3. Aux termes de l'article R. 432-1 du code de l'entrée et du séjour des étrangers et du droit d'asile : " Le silence gardé par l'autorité administrative sur les demandes de titres de séjour vaut décision implicite de rejet ". Aux termes du premier alinéa de l'article R. 432-2 du même code : " La décision implicite de rejet mentionnée à l'article R. 432-1 naît au terme d'un délai de quatre mois ".
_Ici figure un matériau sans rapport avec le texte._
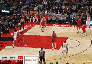猛龙又连续得分中59-54建立两个球优势,杜兰特接小史密斯传球,运一步,迎着两人的阵容右腰位轰进第二记中距离稳势。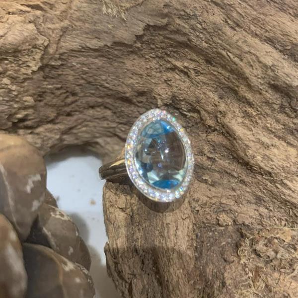 Silver ring with a large Blue Topaz with CZ. Crease ring. Size N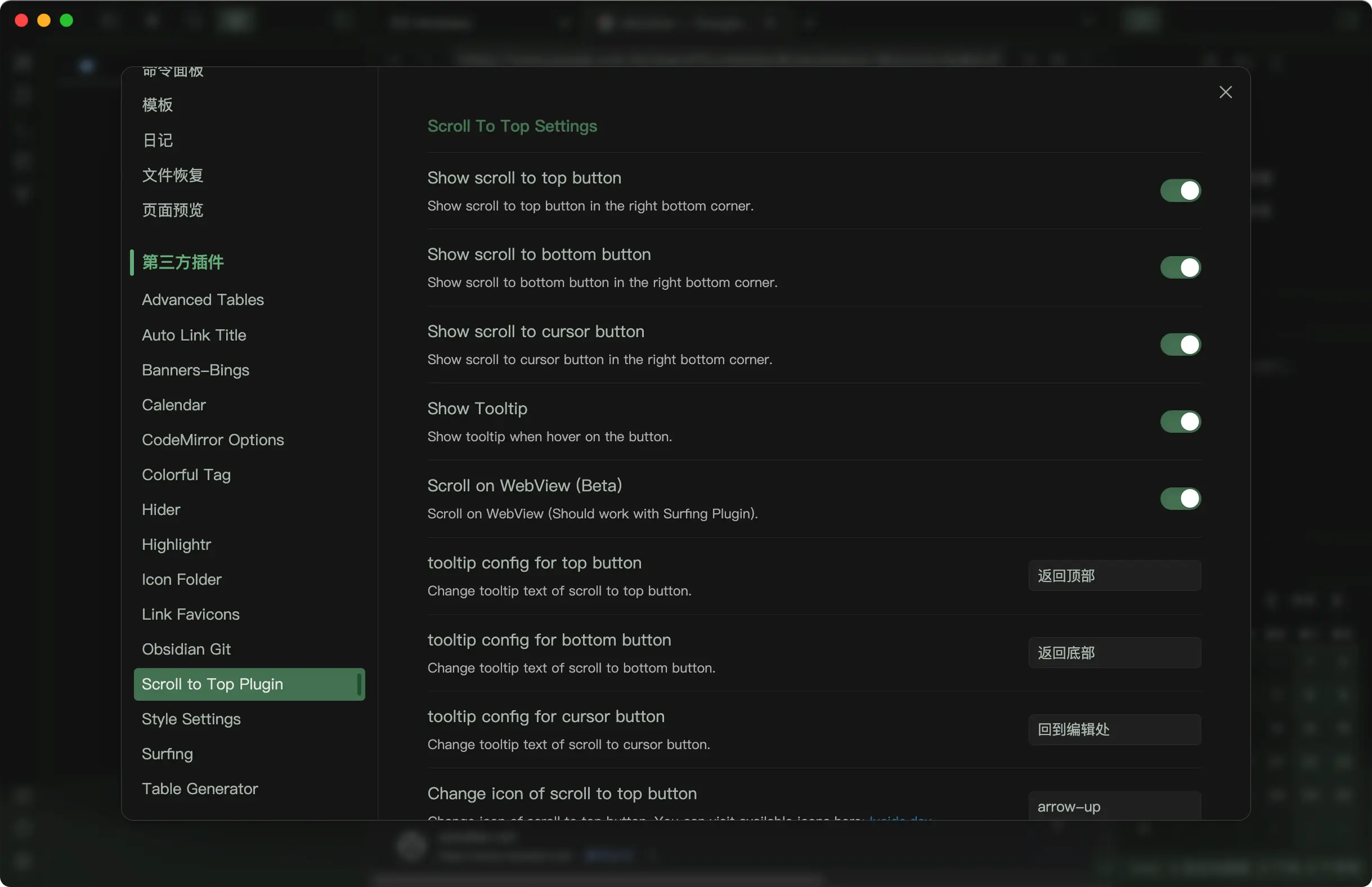 This is a plugin for Obsidian that adds a button to scroll to the top of the current note (Not just that).

4. Il résulte de ces dispositions que le silence gardé par l'autorité préfectorale sur la demande de titre de séjour présentée par M. B le 22 juillet 2024 a fait naître une décision implicite de rejet à l'expiration d'un délai de quatre mois, soit au plus tard le 21 avril 2025, compte tenu de sa convocation, par courrier du 27 novembre 2024, dans le cadre de l'instruction de sa demande, à un rendez-vous le 20 décembre 2024 à la préfecture de l'Isère pour procéder à la prise de ses empreintes digitales. Dans ces circonstances, en se bornant à soutenir qu'il doit contribuer à l'entretien et à l'éducation de son fils, né le 13 juin 2024 de mère française, M. B ne justifie pas de circonstances particulières caractérisant la nécessité dans son intérêt, d'une suspension de l'exécution de la décision de refus implicite de sa demande de titre de séjour dans l'attente d'une décision juridictionnelle statuant sur la légalité de celle-ci. Par suite, la condition d'urgence n'étant pas remplie, la requête de M. B ne peut qu'être rejetée, sans qu'il y ait lieu 'admettre le requérant à l'aide juridictionnelle provisoire.

O R D O N N E :

Article 1er : La requête de M. B est rejetée.

Article 2 : La présente ordonnance sera notifiée à M. A B, à Me Schürmann et au ministre de l'Intérieur.

Copie en sera adressée à la préfète de l'Isère.

Fait à Grenoble, le 16 juillet 2025.

Le juge des référés,

E. Conesa-Terrade

La République mande et ordonne au ministre de l'intérieur en ce qui le concerne, ou à tous commissaires de justice à ce requis en ce qui concerne les voies de droit commun, contre les parties privées, de pourvoir à l'exécution de la présente décision.